The strong magnitude of the association for exacerbation severity (hospitalization) but not for exacerbation frequency, suggests two points. First, from a healthcare service-level standpoint, patients hospitalized for exacerbations are more likely to be hospitalized for a future HF (i.e., re-admission) compared with patients whose exacerbation was managed in primary care. Second, clinically, exacerbation severity (e.g., greater intensity of inflammation) has a greater indication of a patients’ future cardiac state, rather than past exacerbation occurrence and management. Findings for older age were anticipated and align with previous studies [15, 3436].

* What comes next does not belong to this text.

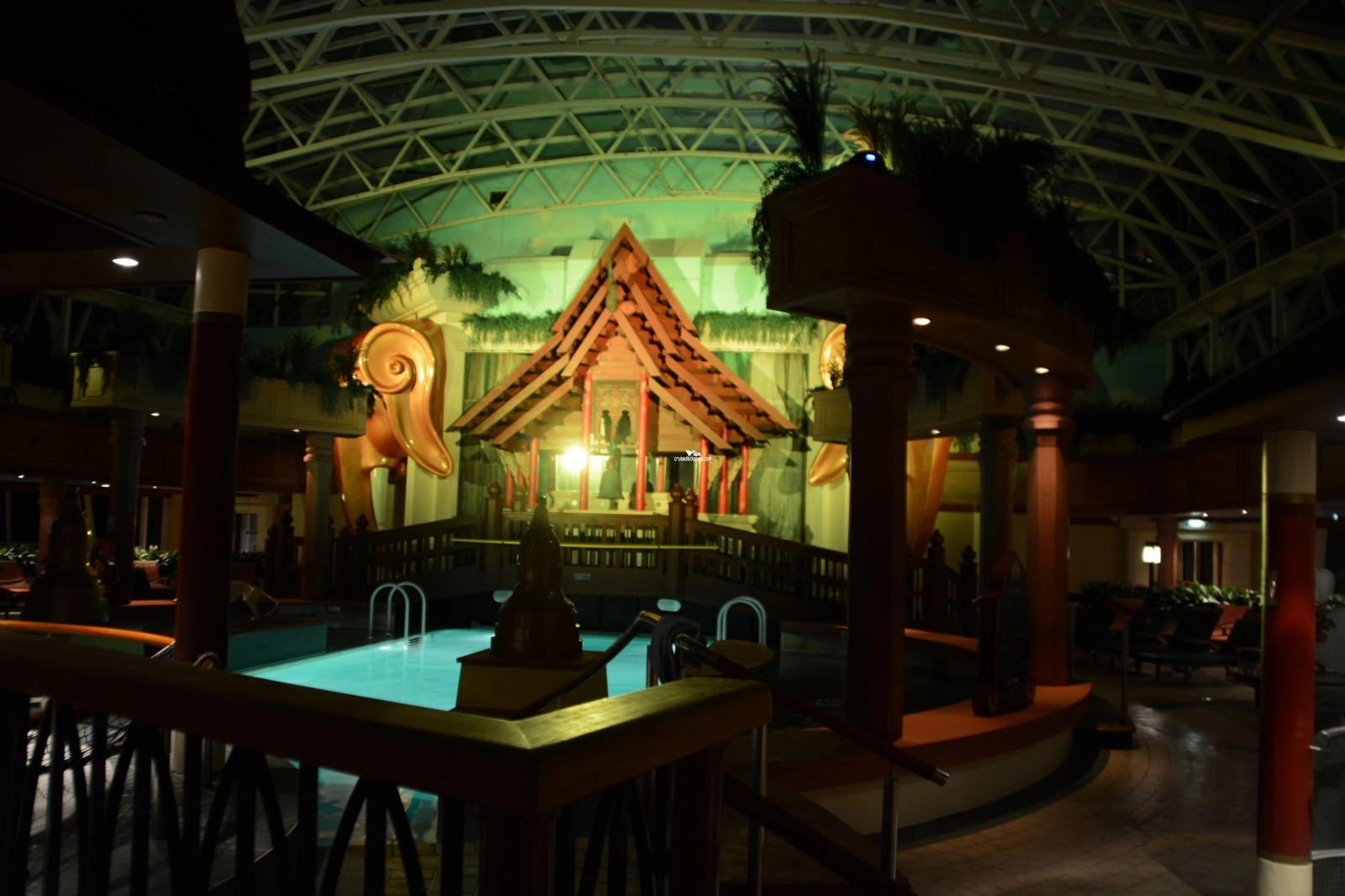Decorated in a Thai theme with bronze tigers and an 18th Century Temple Bell, wooden deck chairs with chaise pads surround the pool. With cascading waterfalls and protected from inclement weather by the retractable glass roof, it's the perfect place for adults to enjoy a refreshing swim in the heated pool or relax in the whirlpool.

The associations for history of HF, arrhythmia, type II diabetes, and CKD with post-exacerbation HF are unsurprising given their known independent relationships each with HF and exacerbations alone. Chronic, unmanaged HF can lead to future health service utilization for HF [16, 37]. Arrhythmia-attributed cardiac remodeling can contribute to development of cardiomyopathy [38]. Diabetes is a risk factor for substantial HF progression [16, 39], and separately a population-based study in COPD patients demonstrated an increased risk of cardiovascular mortality with type II diabetes [40]. Impaired renal hemodynamics and activation of the renin-angiotensin-aldosterone system (RAAS) can lead to HF, [41] and separately reduced kidney function is associated with future HF [42].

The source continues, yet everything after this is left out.